Samples of fish eggs and larvae around Vietnam between 2004 and 2008 showed high rates of infection (29.3 - 98.6%) in the southern samples, but no infected eggs at all were found in the northern samples (Shadrin et al., 2010). A year-long survey of sardines from the Adriatic Sea in 1990 found I. chabelardi present in every month that had sardine egg spawning (Dulcic, 1998). The infection rates varied considerably from month to month, with the colder months having higher infection rates and the warmer months having lower infection rates (Dulcic, 1998). December (50%) and January (48.2%) had the highest rates of infection, while May (6.8%) and September (2.6%) had the lowest rates of infection (Dulcic, 1998). No sardine eggs were spawned in June, July, or August, so no infection rates could be taken (Dulcic, 1998).

== Reported host species ==

- Bluefin Tuna (Thunnus thynnus): Identified in bluefin tuna in Japan in 2004.
- Bogue (Boops boops): Identified in bogue eggs off the coast of Portugal (Skovgaard et al., 2009).
- Bristlemouth (Mourolicus pennant): (Hollande and Cachon, 1952;
- Cod (Gadus morhua) *Suspected: Cod eggs collected off the coast of Denmark were found to be infected with a protistan parasite that was hypothesized to be I. chabelardi with rates ranging between 14 and 88% (Pedersen and Koie, 1994). Parasites were found in at least some eggs of all eight batches collected (Pedersen and Koie, 1994).

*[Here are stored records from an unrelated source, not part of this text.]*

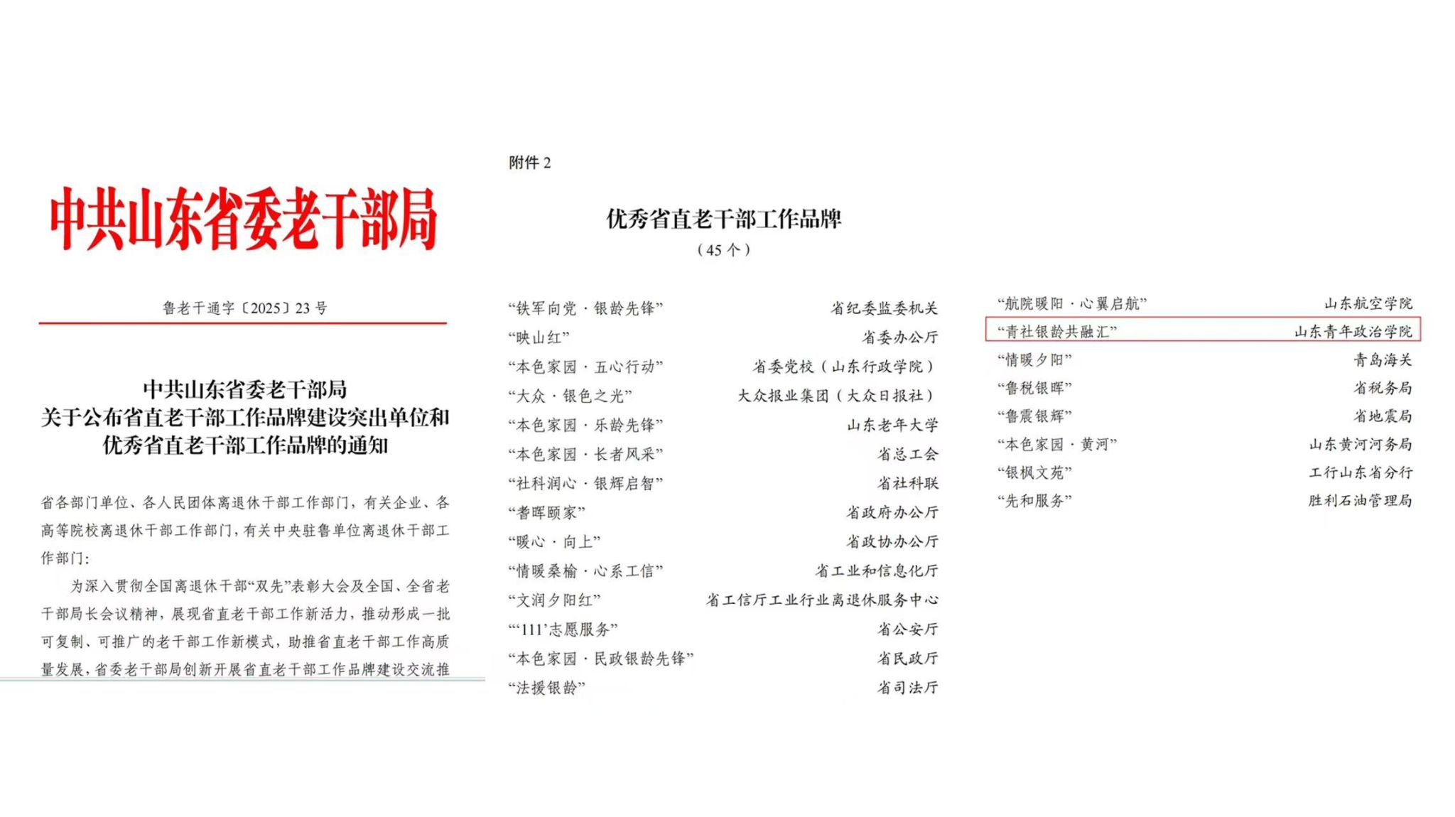 近日,学校收到《中共山东省委老干部局关于公布省直老干部工作品牌建设突出单位和优秀省直老干部工作品牌的通知》(鲁老干通字〔2025〕23号),学校“青社银龄共融汇”老干部工作品牌成功入选“优秀省直老干部工作品牌”名单。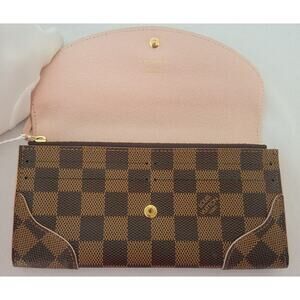 This stylish and feminine wallet is crafted of signature Louis Vuitton Damier check on toile canvas with light pink resin glazing. This wallet opens to a front card slot panel with a built-in zippered pocket and a light pink cross-grain leather interior with an open compartment for storage and two additional bill pockets.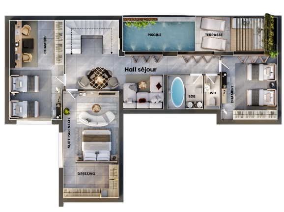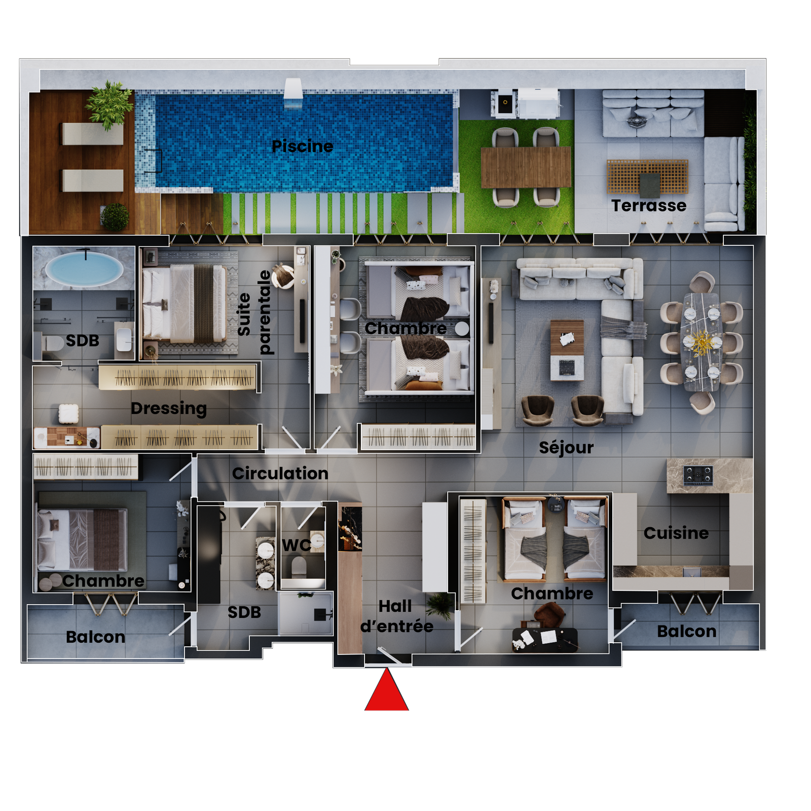 La Residence Galaxy propose égalment un ensemble de commodités pensées pour enrichir votre quotidien, piscine, aire de jeux pour enfants et zone de détente en plein air. Tout a été imaginé pour créer un environnement où il fait bon vivre, à la fois serein et conn-ecté aux commodités urbaines.

- European pilchard (Sardina pilchardus): I. chabelardi was first identified in sardines from the Mediterranean by Hollande and Cachon in 1952.(Hollande & Cachon, 1952; In 1997 and 1999, sardine eggs were sampled off the coast of Portugal, and approximately 30% of them were found to be infected with I. chabelardi (Stratoudakis et al., 2000).

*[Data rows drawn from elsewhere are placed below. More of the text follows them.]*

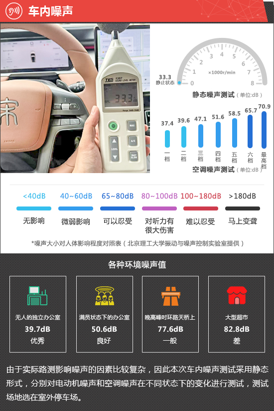 在静态噪声测试环节,2025款比亚迪宋L EV智驾版在静止状态下车内实测噪声值为33.3dB。由于评测车搭载纯电动力系统,车辆启动后不会出现明显的噪音。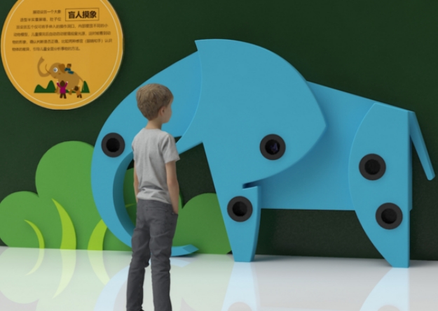 展项设置一个大象造型半实景展墙,肚子位置设置五个仅可将手伸入的操作洞口,内部摆放不同的小动物模型,儿童摸完后自动启动玻璃视窗光源,这时能看到动物的形象,确认判断是否正确,比较两种感官(眼睛和手)认识物体的差异,引导儿童全面分析事物的方法。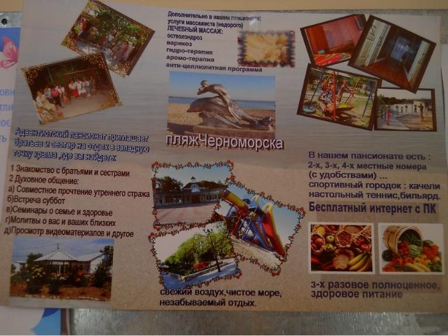 Кроме баз отдыха Церковь Адвентистов славится своими лечебно-профилактическими учреждениями, типа санаториев.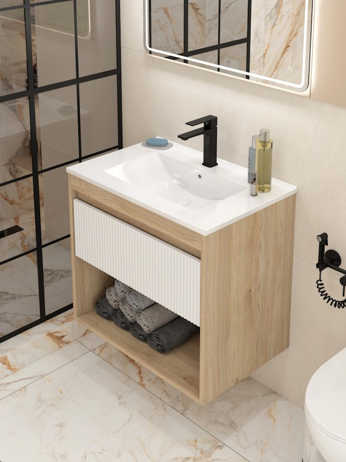 Тумба подвесная с раковиной для ванной 70 см Teymi Vitra корпус дуб фасад белый раковина Ritta 70 F16011 — функциональное и стильное решение для современного интерьера.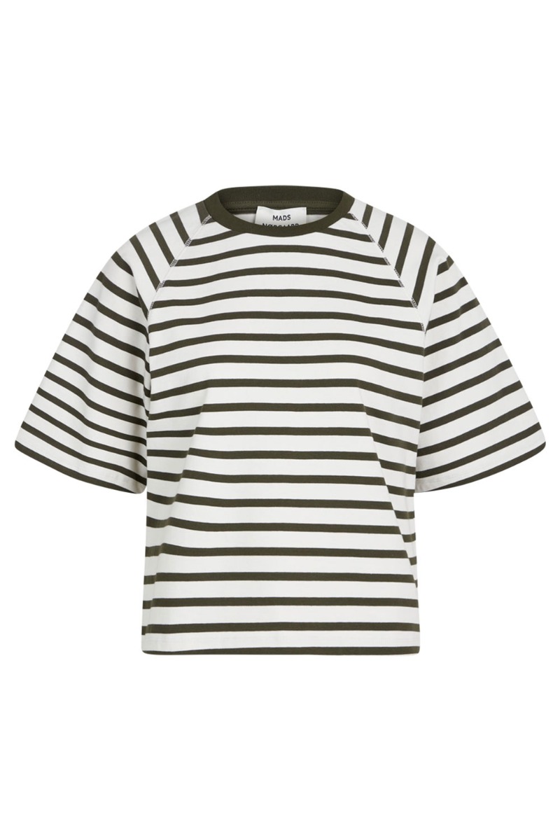 Mads Nørgaard - T-shirt - Heavy Single Stripe Trista Tee - Snowwhite/Forest Night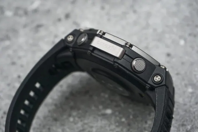 Начнём с того, что Amazfit T-Rex 3 отличаются от предшественников глобальным редизайном. Теперь они выглядят ещё брутальнее: круглый безель заменила восьмиугольная рама под G-Shock, а кнопки получили специальную текстуру и дерзкие красные акценты. Корпус этих «котлов» сделан из нержавеющей стали, поэтому поломать случайным ударом об дверь не получится.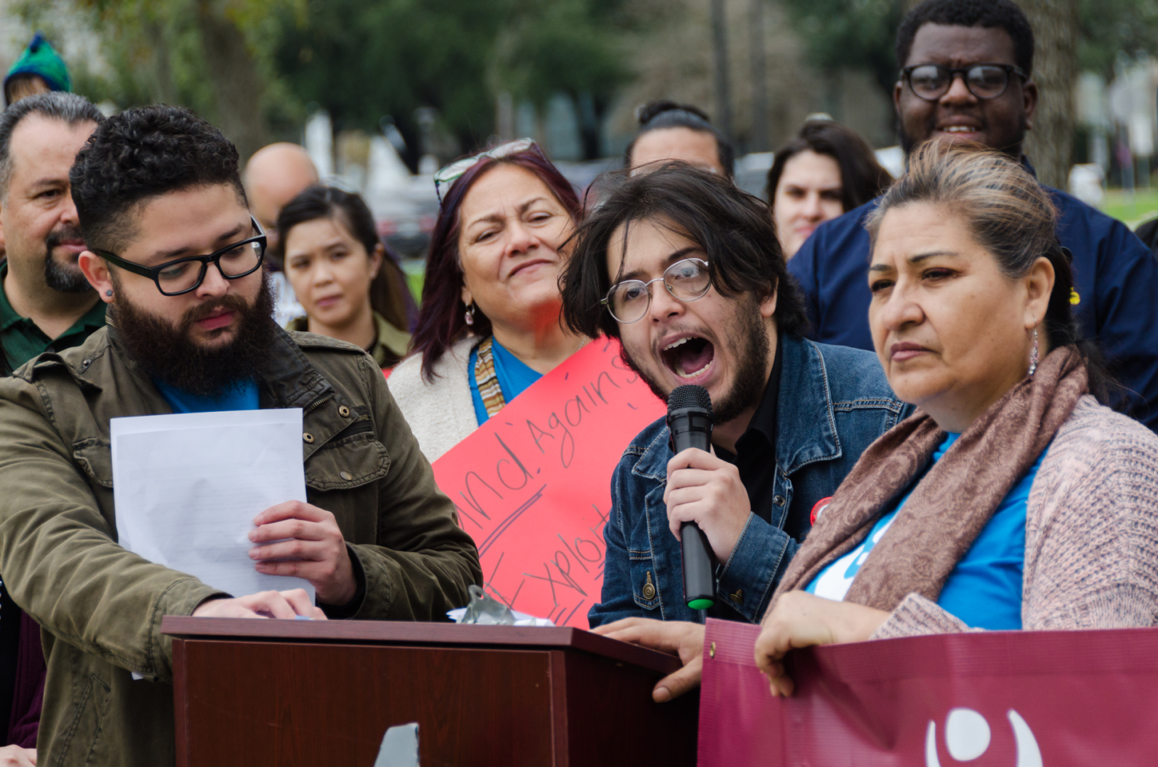 Workers on The Quad project protest for allegedly owed...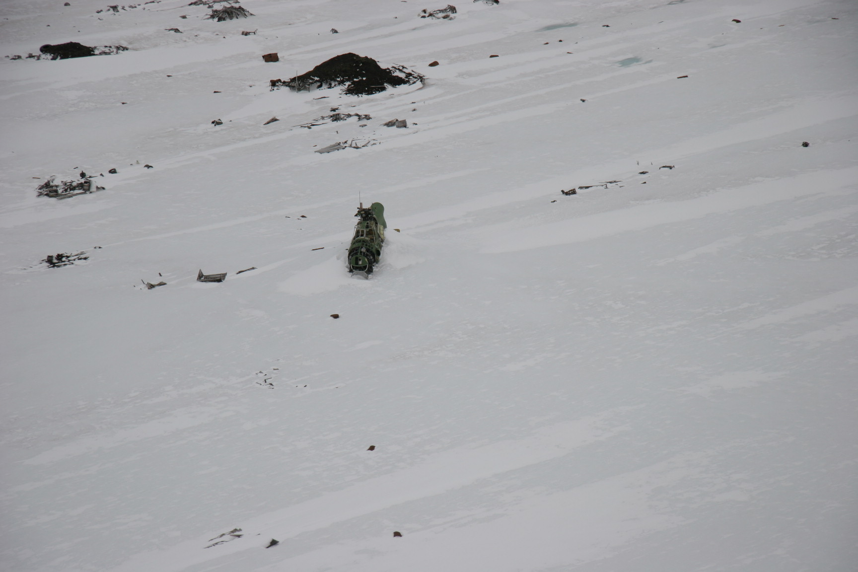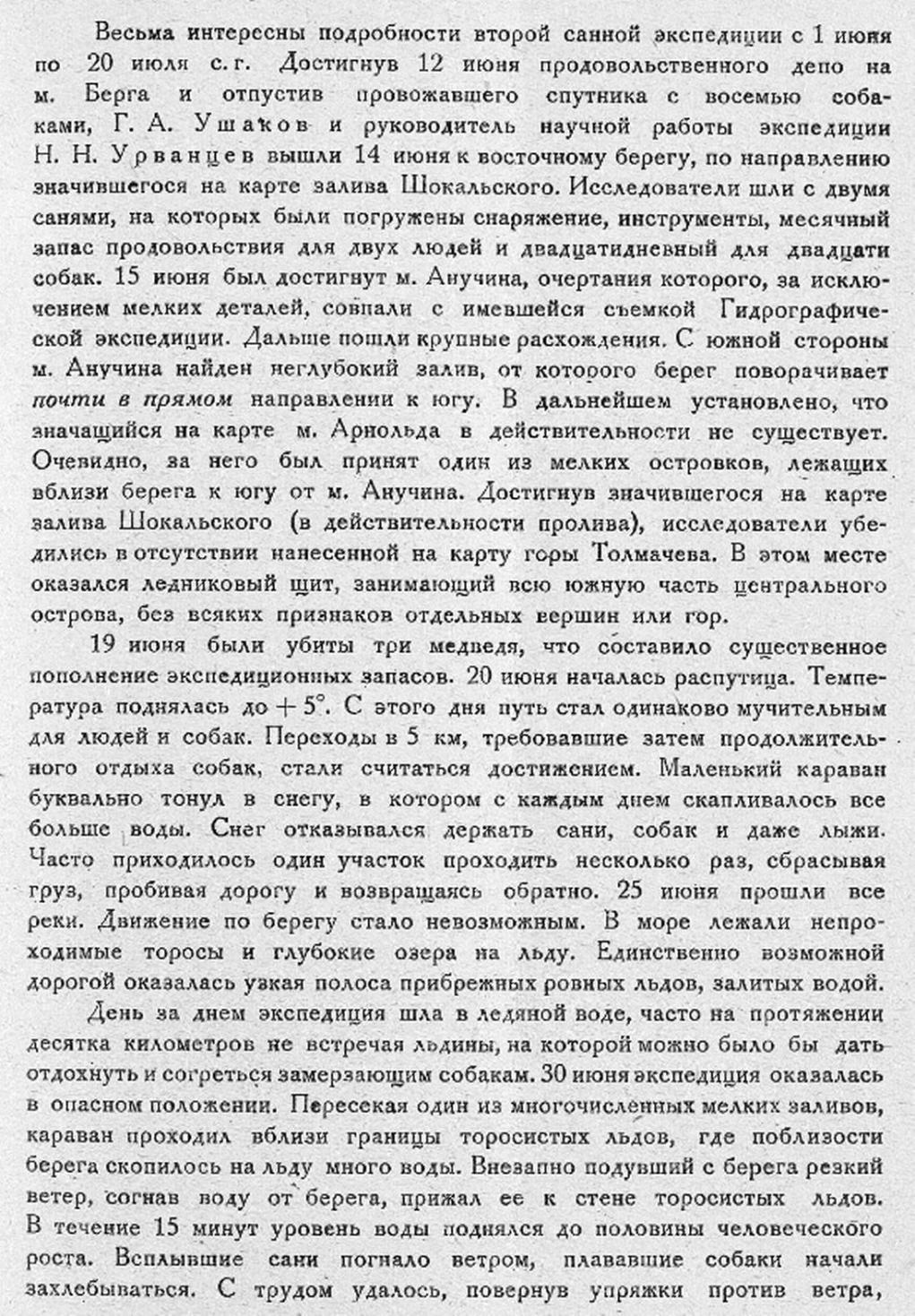 Весьма интересны подробности второй санной экспедиции с 1 июня по 20 июли с. г. Достигнув 12 июня продовольственного депо на м. Берга и отпустив провожавшего спутника с восемью собаками, Г. А. Ушаков и руководитель научной работы экспедиции Н. Н. Урванцев вышли 14 июня к восточному берегу, по направлению значившегося на карте залива Шокальского. Исследователи шли с двумя санями, на которых были погружены снаряжение, инструменты, месячный запас продовольствия для двух людей и двадцатидневный для двадцати собак. 15 июня был достигнут м. Анучина, очертания которого, за исключением мелких деталей, совпали с имевшейся съемкой Гидрографической экспедиции. Дальше пошли крупные расхождения. С южной стороны м. Анучина найден неглубокий залив, от которого берег поворачивает почти в прямом направлении к югу. В дальнейшем установлено, что значащийся на карте м. Арнольда в действительности не существует. Очевидно, за него был принят один из мелких островков, лежащих вблизи берега к югу от м. Анучина. Достигнув значившегося на карте залива Шокальского (в действительности пролива), исследователи убедились в отсутствии нанесенной на карту горы Толмачева. В этом месте оказался ледниковый щит, занимающий всю южную часть центрального острова, без всяких признаков отдельных вершин или гор.

- Gilthead seabream (Sparus aurata): (Marinaro, 1971;
- Leopard Coral Grouper (Plectropomus leopardus): Mass mortality events of Leopard Coral Grouper around Okinawa, Japan caused by an unknown parasite have been reported repeatedly since 1990 (Mori et al., 2007). Based on an analysis of the parasite's mode of infection, development, and SSU rDNA sequence, the unknown parasite was identified as Ichthyodinium sp. (Mori et al., 2007).
- Mackerel (Scomber scombrus): In 1998, fifty-nine samples of Mackerel eggs, totaling 2,409 eggs, were collected in the north-east Atlantic and checked for parasitism by I. chabelardi. Of these, 1,099 eggs (46%) were found to be infected. Thirty-nine (66%) of the collection stations had at least one parasitized egg.

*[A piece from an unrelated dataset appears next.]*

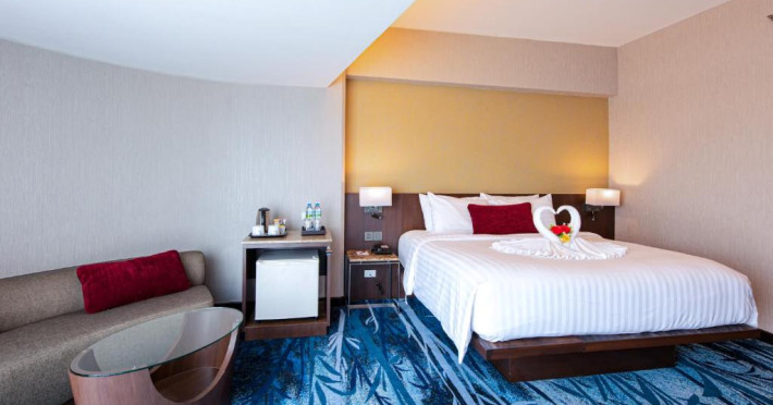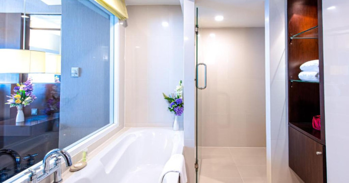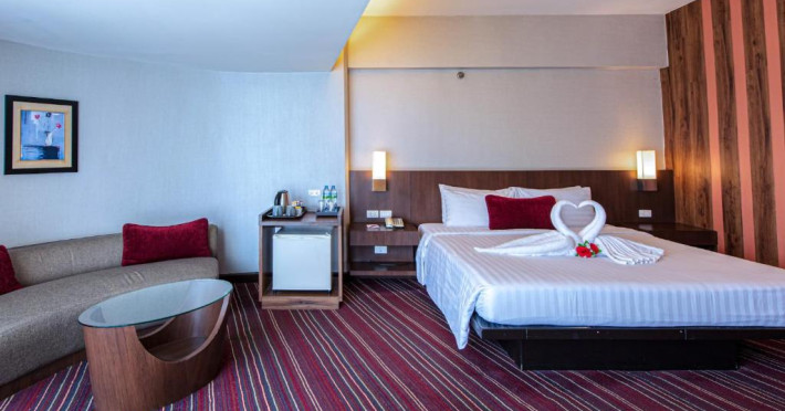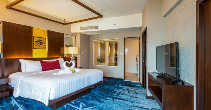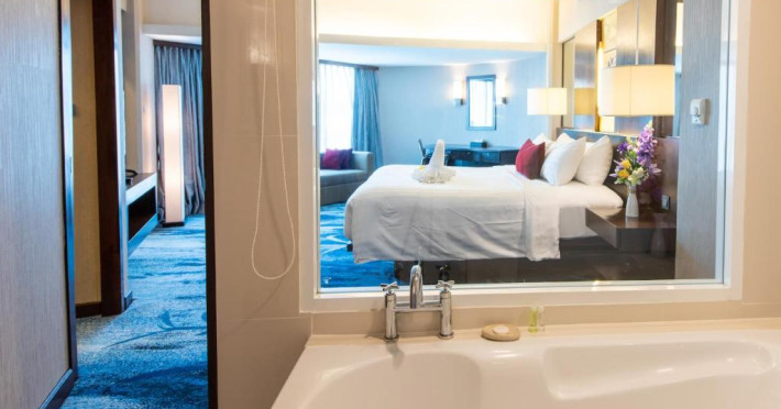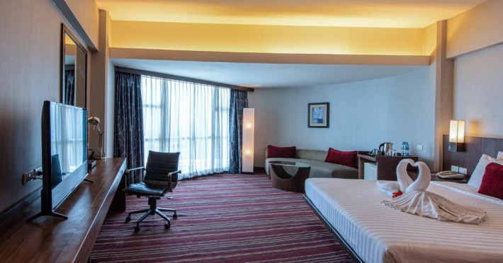Camerele oferă aer condiționat, mobilier plin de culoare, TV cu plasmă și un minibar mare. Băile proprii au decor din marmură și articole de toaletă.

- Turbot (Scopththalmus maximus) *Suspected: Turbot eggs collected off the coast of Denmark were found to be infected with a protistan parasite that was hypothesized to be I. chabelardi (Pedersen and Koie, 1994;
- Yellowfin tuna (Thunnas albacares): In 2005, larval deaths of yellowfin tuna in a semi-enclosed system tank in Bali, Indonesia were attributed to Ichthyodinium sp.

== Geographical distribution ==
The complete global distribution of Ichthyodinium sp. is currently unknown (Gleasen et al., 2019). Among general surveys conducted to sample dinoflagellate species, no data for Ichthyodinium sp. has been collected at most sites (Gleasen et al., 2019). More surveys of Ichthyodinium sp., taken at broader ranges, are needed to gain a better grasp of its true distribution (Gleasen et al., 2019).

Ichthyodinium sp. has so far been recorded in the waters of Algeria (Holland and Cachon, 1952), Croatia (Dulcic, 1998), Denmark (Pedersen and Koie, 1994), Indonesia, Japan(Mori et al., 2007), Portugal (Stratoudakis et al., 2000; Skovgaard et al., 2009), Spain, the United Kingdom, and Vietnam (Shadrin et al., 2010).